EXERCISE OBJECTIVE - Both the line containing "Robustes Büffelleder mit" and the line containing "tail -f /var/log/secure" belong to the span. Output exactly that span from the listing below, and nothing outside it.

MATERIAL SUPPLIED -
*****

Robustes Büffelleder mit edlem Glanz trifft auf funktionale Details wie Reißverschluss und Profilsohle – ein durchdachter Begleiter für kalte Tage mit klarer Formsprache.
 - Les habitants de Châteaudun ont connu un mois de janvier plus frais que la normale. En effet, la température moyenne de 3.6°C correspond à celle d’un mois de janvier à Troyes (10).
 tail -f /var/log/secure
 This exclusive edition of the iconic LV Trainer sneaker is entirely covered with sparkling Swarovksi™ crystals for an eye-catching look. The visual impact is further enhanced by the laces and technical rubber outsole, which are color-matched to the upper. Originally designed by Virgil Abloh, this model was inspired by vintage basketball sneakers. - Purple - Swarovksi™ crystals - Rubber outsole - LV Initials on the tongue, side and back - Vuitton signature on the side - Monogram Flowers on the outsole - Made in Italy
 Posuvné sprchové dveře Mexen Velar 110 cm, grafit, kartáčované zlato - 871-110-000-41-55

*****

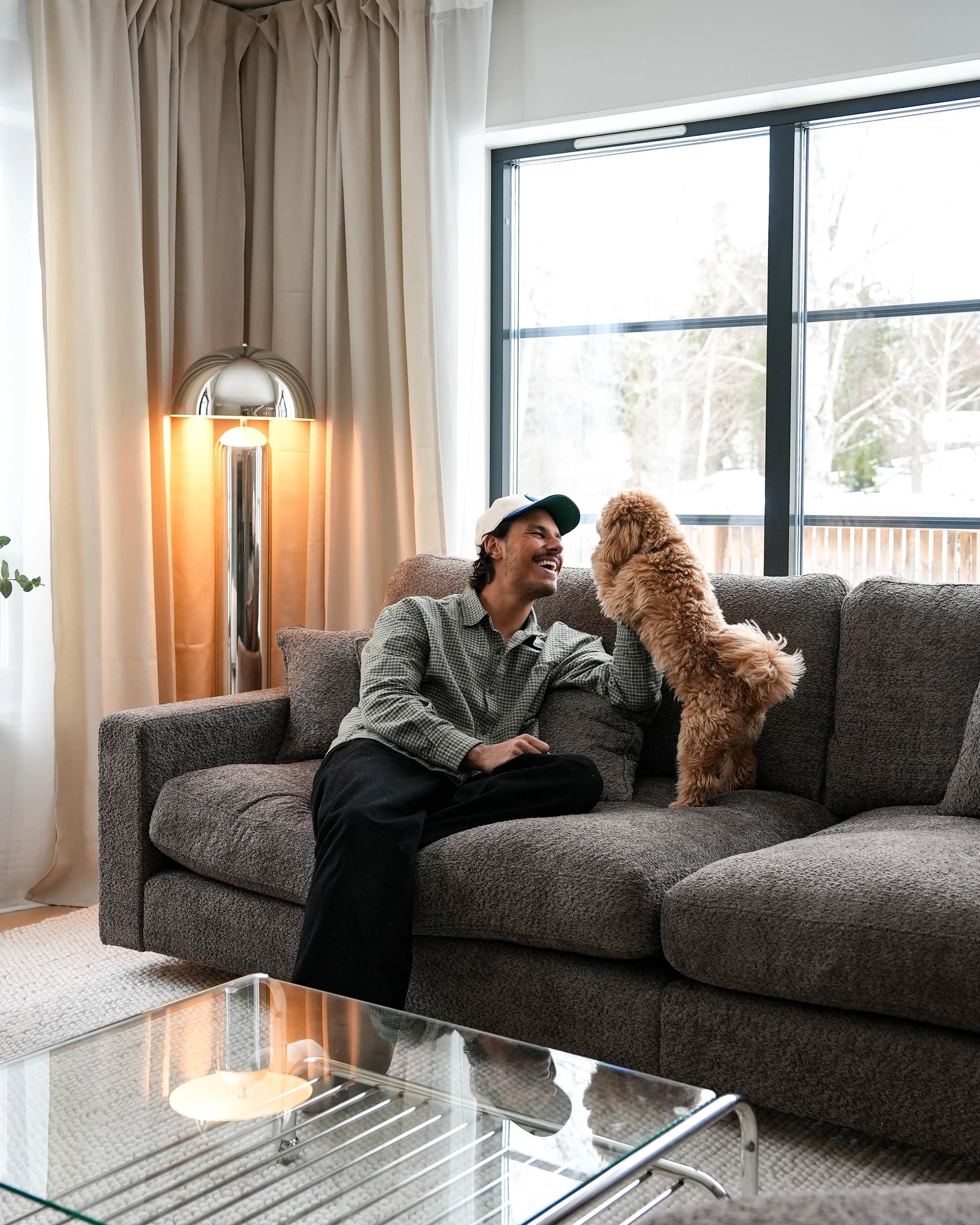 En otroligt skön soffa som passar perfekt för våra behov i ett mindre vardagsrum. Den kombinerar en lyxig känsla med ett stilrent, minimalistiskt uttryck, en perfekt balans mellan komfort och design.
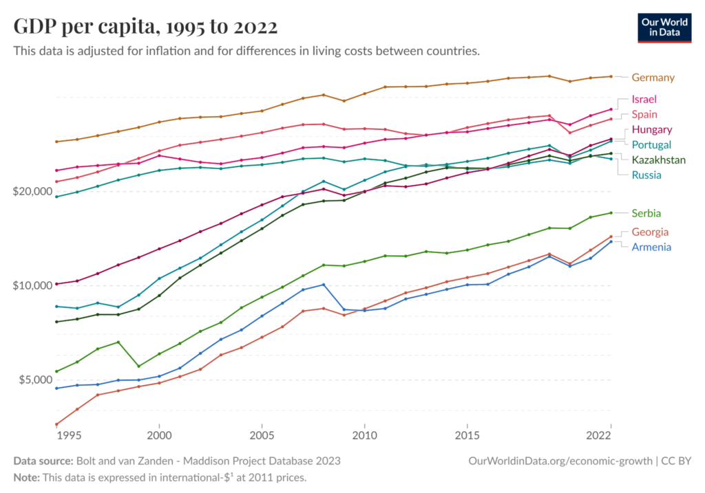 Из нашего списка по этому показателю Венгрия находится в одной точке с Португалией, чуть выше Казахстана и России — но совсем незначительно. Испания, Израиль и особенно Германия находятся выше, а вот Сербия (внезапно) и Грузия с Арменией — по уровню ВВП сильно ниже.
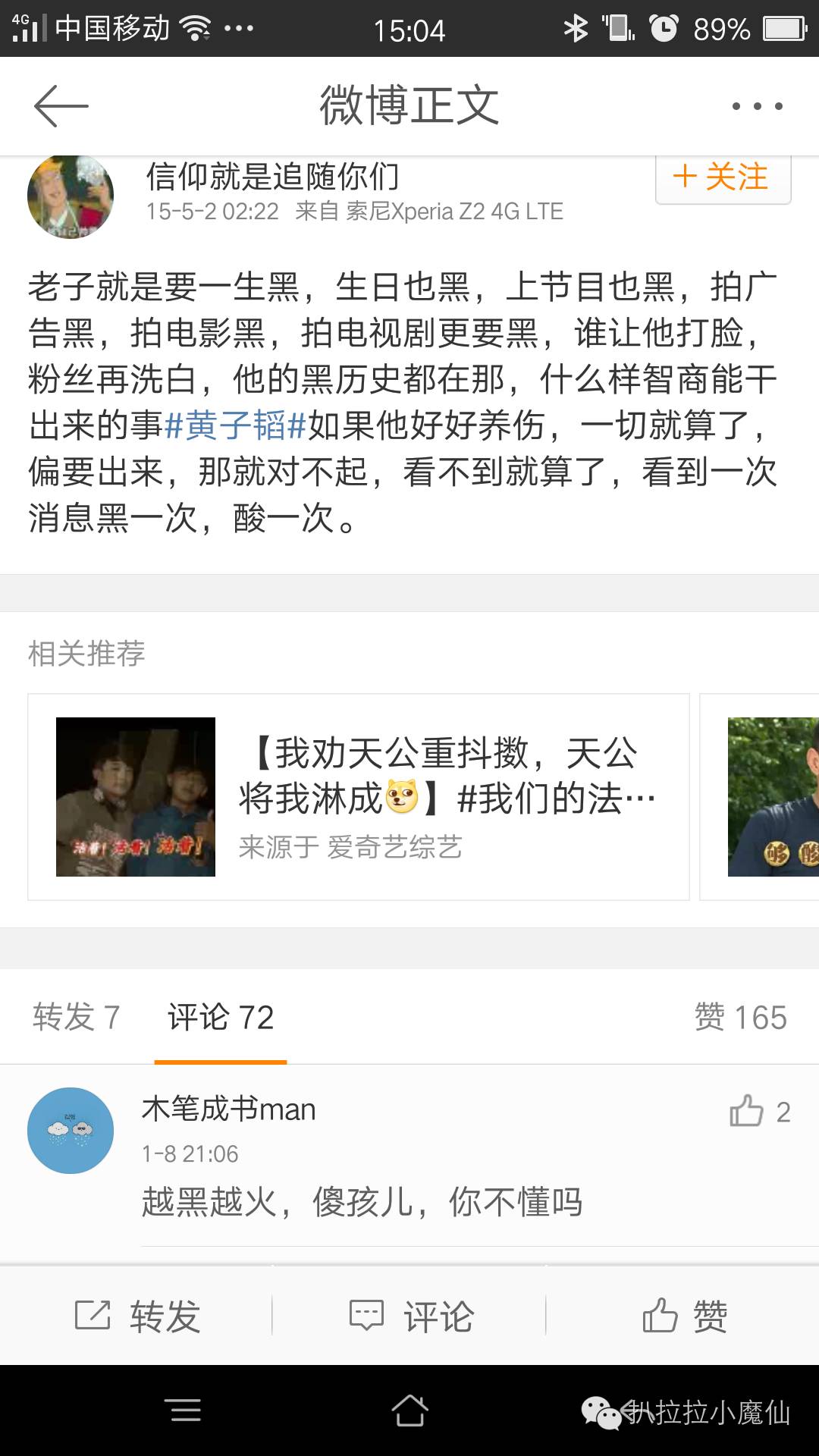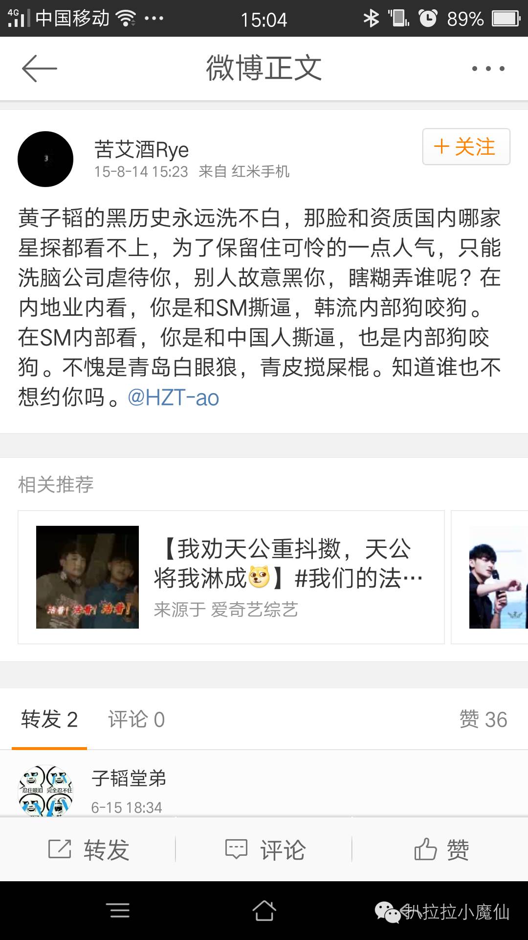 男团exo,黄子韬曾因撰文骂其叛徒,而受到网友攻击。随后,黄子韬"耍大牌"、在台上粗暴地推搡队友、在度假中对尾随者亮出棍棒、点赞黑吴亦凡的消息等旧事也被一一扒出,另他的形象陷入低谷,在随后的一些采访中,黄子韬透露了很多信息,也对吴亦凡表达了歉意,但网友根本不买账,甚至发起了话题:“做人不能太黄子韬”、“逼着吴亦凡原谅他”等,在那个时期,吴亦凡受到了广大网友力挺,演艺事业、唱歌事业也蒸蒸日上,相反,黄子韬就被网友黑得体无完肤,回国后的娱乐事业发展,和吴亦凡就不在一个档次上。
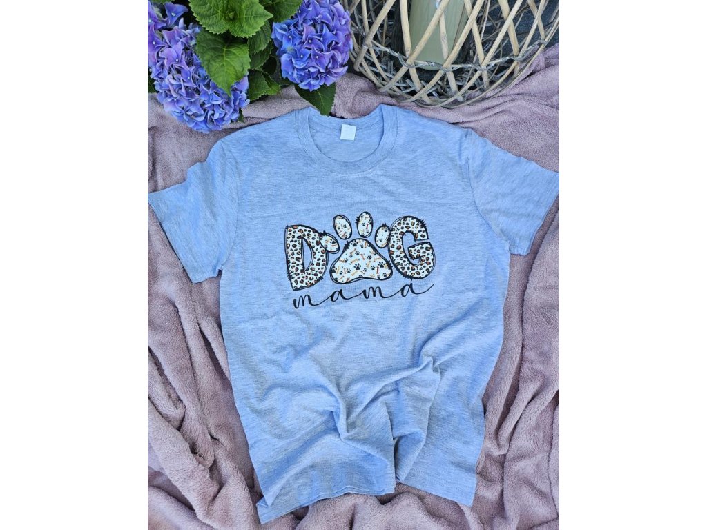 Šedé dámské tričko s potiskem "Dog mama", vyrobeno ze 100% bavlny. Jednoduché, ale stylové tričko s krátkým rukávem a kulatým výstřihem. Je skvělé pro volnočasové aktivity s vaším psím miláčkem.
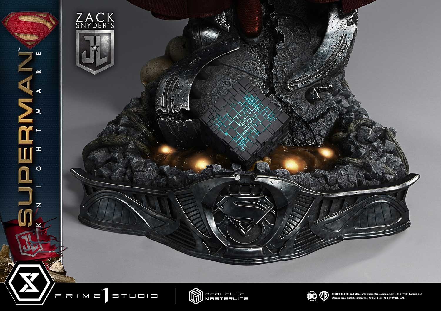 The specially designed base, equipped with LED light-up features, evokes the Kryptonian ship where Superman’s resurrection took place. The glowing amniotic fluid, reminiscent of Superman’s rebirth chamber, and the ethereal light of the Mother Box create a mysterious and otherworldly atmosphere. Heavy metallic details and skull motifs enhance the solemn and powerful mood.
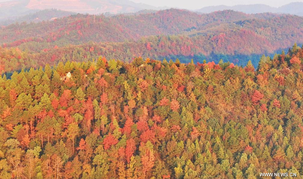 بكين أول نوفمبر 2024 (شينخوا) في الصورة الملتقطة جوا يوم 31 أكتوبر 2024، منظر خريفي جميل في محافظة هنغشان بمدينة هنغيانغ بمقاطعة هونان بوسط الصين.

*****

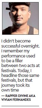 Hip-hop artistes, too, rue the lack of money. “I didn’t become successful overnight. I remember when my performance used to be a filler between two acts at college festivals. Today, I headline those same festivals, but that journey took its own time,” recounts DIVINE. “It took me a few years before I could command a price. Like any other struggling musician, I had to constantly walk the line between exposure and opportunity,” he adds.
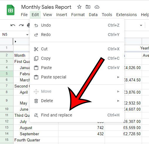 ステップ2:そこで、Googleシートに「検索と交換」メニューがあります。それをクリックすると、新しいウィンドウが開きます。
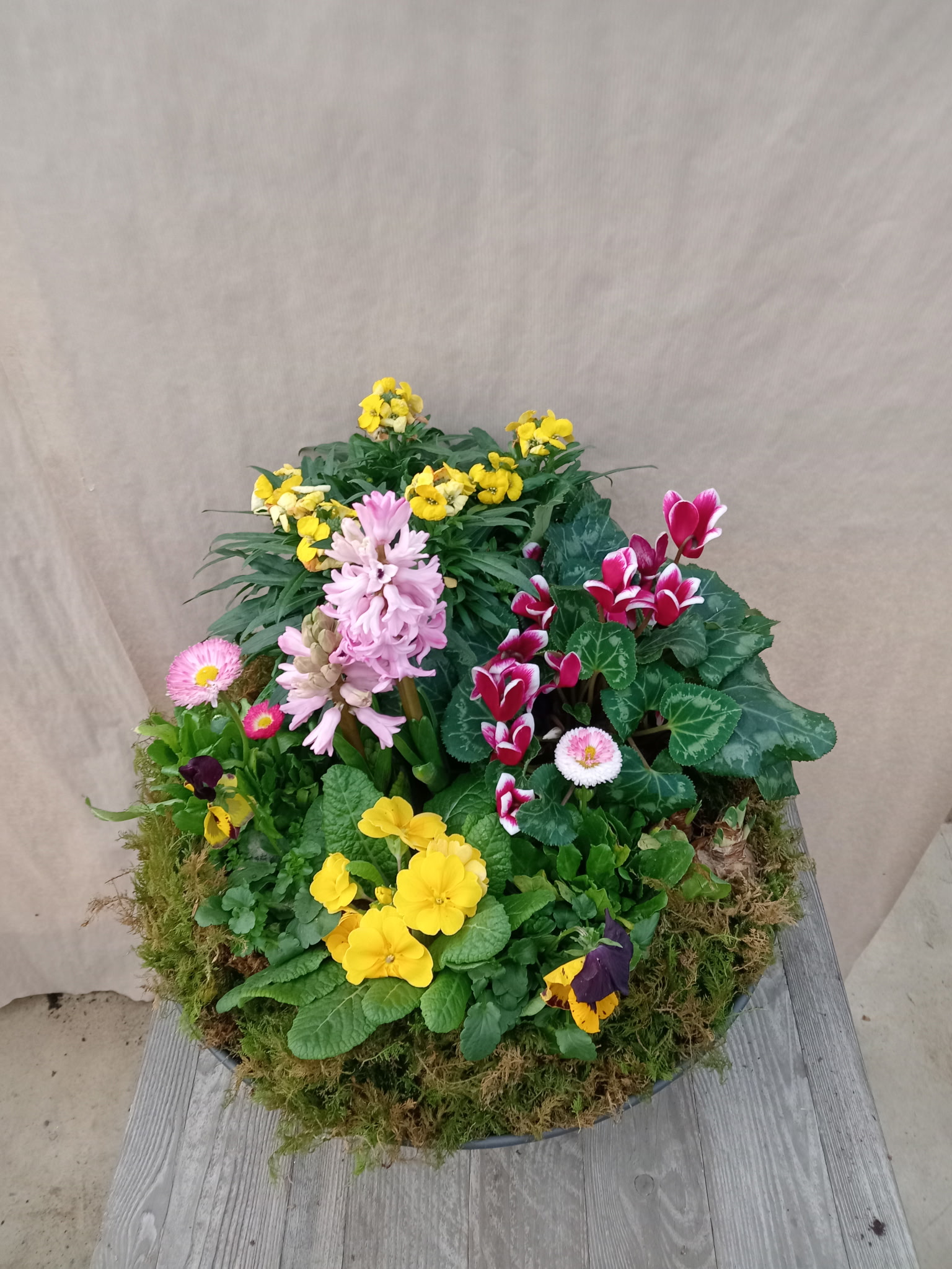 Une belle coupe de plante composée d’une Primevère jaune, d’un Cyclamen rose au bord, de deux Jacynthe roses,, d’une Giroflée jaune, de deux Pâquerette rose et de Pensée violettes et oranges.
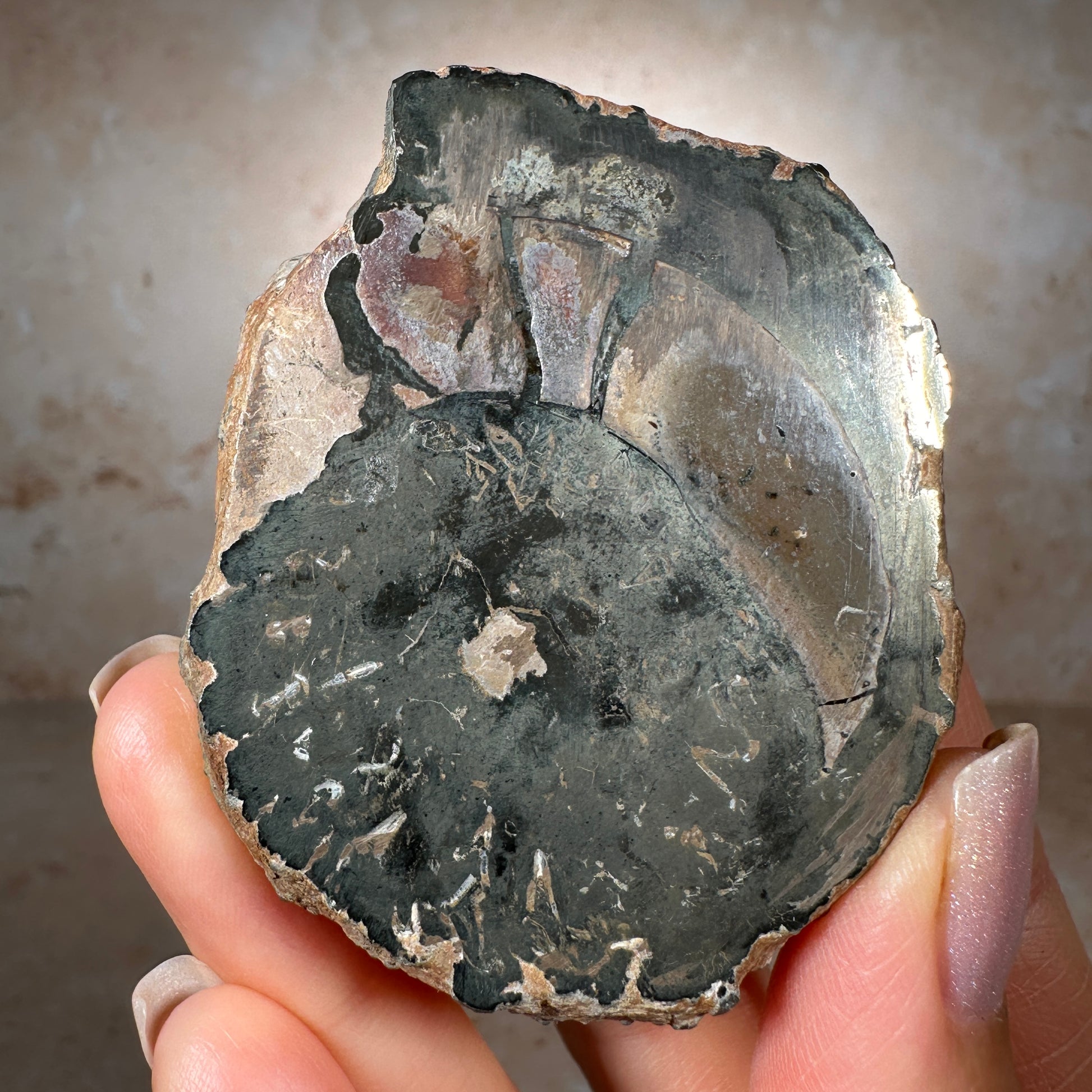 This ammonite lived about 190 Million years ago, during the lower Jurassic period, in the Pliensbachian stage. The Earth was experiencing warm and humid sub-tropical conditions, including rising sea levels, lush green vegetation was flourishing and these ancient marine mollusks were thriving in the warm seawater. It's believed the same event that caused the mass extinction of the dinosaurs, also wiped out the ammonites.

*****

RESULT FOR THIS TASK -
Robustes Büffelleder mit edlem Glanz trifft auf funktionale Details wie Reißverschluss und Profilsohle – ein durchdachter Begleiter für kalte Tage mit klarer Formsprache.
 - Les habitants de Châteaudun ont connu un mois de janvier plus frais que la normale. En effet, la température moyenne de 3.6°C correspond à celle d’un mois de janvier à Troyes (10).
 tail -f /var/log/secure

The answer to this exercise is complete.